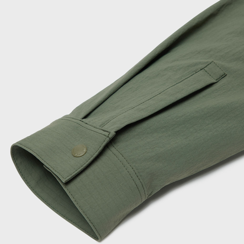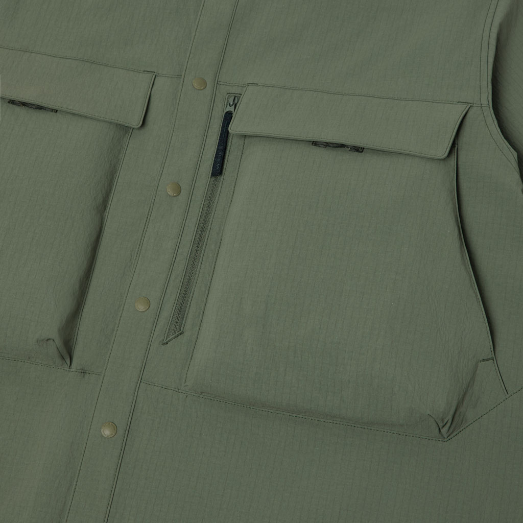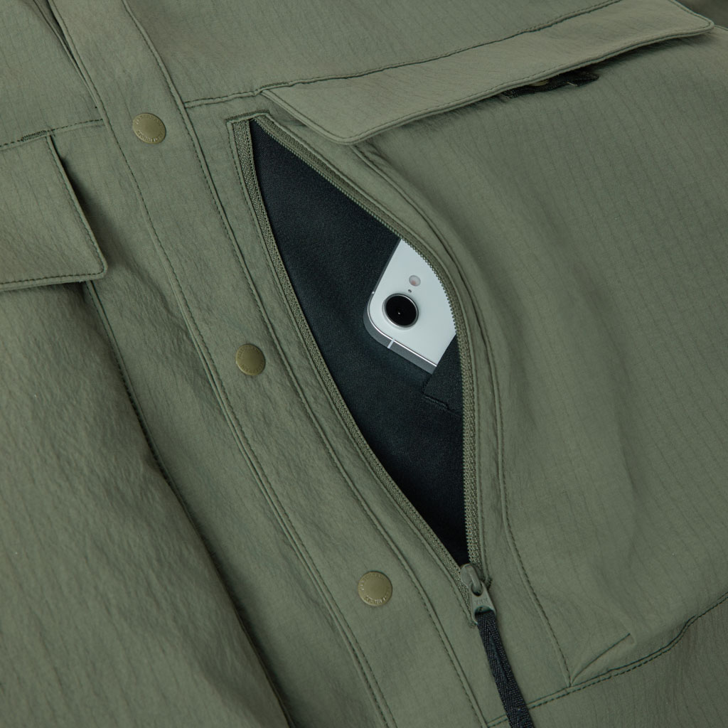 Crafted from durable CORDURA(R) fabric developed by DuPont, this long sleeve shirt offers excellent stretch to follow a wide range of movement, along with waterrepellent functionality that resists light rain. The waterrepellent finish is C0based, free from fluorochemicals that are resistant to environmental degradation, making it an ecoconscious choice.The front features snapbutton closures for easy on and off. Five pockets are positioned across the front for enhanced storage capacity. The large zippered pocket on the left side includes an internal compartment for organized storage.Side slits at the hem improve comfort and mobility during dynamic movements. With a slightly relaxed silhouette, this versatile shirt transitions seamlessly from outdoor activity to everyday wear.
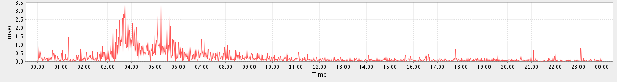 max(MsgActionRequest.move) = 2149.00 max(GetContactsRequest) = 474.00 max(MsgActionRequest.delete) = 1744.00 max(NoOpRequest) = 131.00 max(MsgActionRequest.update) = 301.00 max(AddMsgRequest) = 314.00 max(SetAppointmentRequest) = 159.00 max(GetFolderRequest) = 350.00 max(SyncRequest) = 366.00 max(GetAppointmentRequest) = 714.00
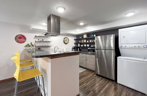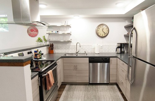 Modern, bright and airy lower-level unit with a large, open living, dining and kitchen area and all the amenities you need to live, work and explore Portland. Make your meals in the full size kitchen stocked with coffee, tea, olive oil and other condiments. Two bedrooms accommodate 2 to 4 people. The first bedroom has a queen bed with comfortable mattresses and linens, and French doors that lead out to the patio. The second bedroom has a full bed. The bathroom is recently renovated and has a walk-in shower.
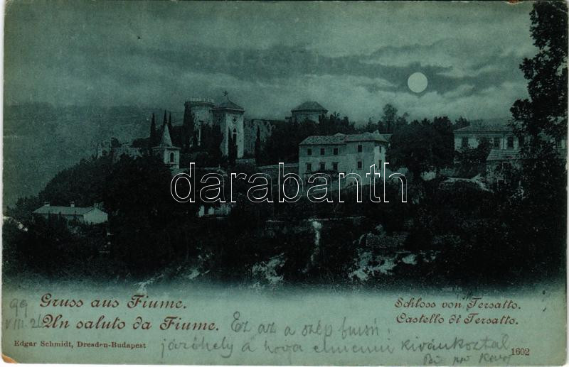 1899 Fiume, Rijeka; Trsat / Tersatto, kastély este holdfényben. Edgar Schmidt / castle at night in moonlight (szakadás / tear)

▸ Work to complete
The expected output is the run of lines from the one containing "Modern, bright and" to the last line of the listing above, both included, word for word and free of pictures.

▸ Written answer
 Modern, bright and airy lower-level unit with a large, open living, dining and kitchen area and all the amenities you need to live, work and explore Portland. Make your meals in the full size kitchen stocked with coffee, tea, olive oil and other condiments. Two bedrooms accommodate 2 to 4 people. The first bedroom has a queen bed with comfortable mattresses and linens, and French doors that lead out to the patio. The second bedroom has a full bed. The bathroom is recently renovated and has a walk-in shower.
 1899 Fiume, Rijeka; Trsat / Tersatto, kastély este holdfényben. Edgar Schmidt / castle at night in moonlight (szakadás / tear)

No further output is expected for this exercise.